Workers who suffer a psychological injury at work can be entitled to workers’ compensation benefits such as weekly payments for your lost wages, medical expenses and a lump sum for an impairment benefit.  Claiming common law damages (lump sum compensation in cases where there is negligence) can be more difficult where the injury is a psychological one. The main difficulty with these claims is establishing a legal concept called “foreseeability”.

How do I prove negligence in a personal injury case?

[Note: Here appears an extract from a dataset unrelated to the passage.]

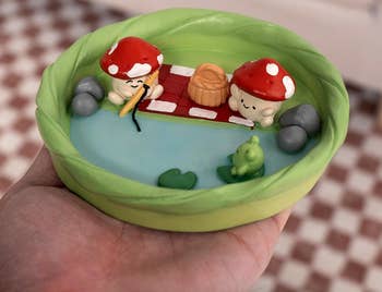 Promising review: "The dish is not only very cute, but also cleverly designed. The images of mushrooms and frogs make the entire dressing table look lively and interesting. The small size is just enough to hold my small accessories, which do not take up space and are very practical." —Chris Hales

To prove negligence in personal injury cases, you need to establish the following key elements:

  1. Duty of Care: That someone (in WorkCover cases, this is usually your employer) owed you a duty of care to protect you from reasonably foreseeable injury.
  2. Breach: That this duty of care was breached.
  3. Causation: That the breach caused your injury.
  4. Damage: you suffered loss as a result of the injury.

The first point is generally undisputed in the case of physical injuries in the workplace. However, when the injury is psychological, this first point is often one of the main issues in dispute.

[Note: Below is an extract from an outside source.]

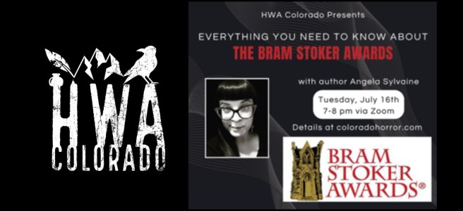 Join the HWA Colorado and HWA CO Secretary and author Angela Sylvaine for a virtual presentation on Everything You Need to Know About the Bram Stoker Awards on Tuesday, July 16, 2024, from 7 to 8:30 pm MT via Zoom. This online event is free and open to members of the HWA. We’ll cover everything … Continue reading Everything You Need to Know About the Bram Stoker Awards

What is reasonable foreseeability?

“Foreseeability” refers to the concept where the defendant should have been able to reasonably predict that it’s actions or inaction would lead to a particular consequence.

Therefore, when asking whether an employer owed its employee a duty of care, we can’t rely on the benefit of hindsight. We need to go back and consider whether it was reasonable that the employer could have known at the time, that the type of injury sustained was possible, and that there were reasonable options available to the employer to prevent it.

High Court case of Koehler v Cerebos looked at reasonable foreseeability

There is a case that was decided by the Hight Court of Australia in 2005 that dealt with this very topic, Koehler v Cerebos (Australia) Ltd [2005] 222 CLR 44.  

  • Ms Koehler, the plaintiff, was an employee of the defendant, Cerebos (Australia) Ltd.
  • During the course of her employment, Ms Koehler complained several times both verbally and in writing to her employer, that her workload was too high and that she couldn’t perform her work properly.
  • At no time did she mention to her employer that her health was being affected by her workload – just that it was too much work.
  • Ms Koehler eventually developed a psychological injury because of her work and sued her employer in negligence.

Unfortunately, Ms Koehler lost her case.

The High Court found that whilst there is a duty of care for an employer to not cause mental harm to an employee, in this case Ms Koehler’s employer could not have reasonably foreseen that she would suffer a psychological injury from her high workload.

The High Court reached this conclusion for two main reasons:

  1. She was employed to do the work that ultimately caused her injury and agreed to do this work. Therefore, the employer is entitled to assume that Ms Koehler was fit to do the work that she agreed to perform; and
  2. That the employer had no indication that Ms Koehler was at risk of suffering from a psychological injury. Whilst the complaints made by Ms Koehler let the employer know that she was struggling to complete her work, she at no time indicated that this work was affecting her health.

Action to consider if you suffer a psychological injury at work

If you have suffered a psychological injury at work, it is important that you try to retain any evidence that your employer was on notice of the risk to you, of psychological injury or illness, prior to you becoming sick.

This might include:

  • minutes of meetings where you mentioned it to management;
  • any witnesses that can confirm discussions you had with your employer;
  • emails that record/confirm meetings and conversations;
  • medical certificates or text messages to your boss where you have indicated that you were not coping at work and that your health was at risk.

Of course, each case is different and there may be scenarios where psychological harm is foreseeable without you having to specifically put your employer on notice; for example, cases of bullying, harassment or witnessing a traumatic event.

Finally, you may still be entitled to other types of WorkCover benefits where you are not required to establish negligence.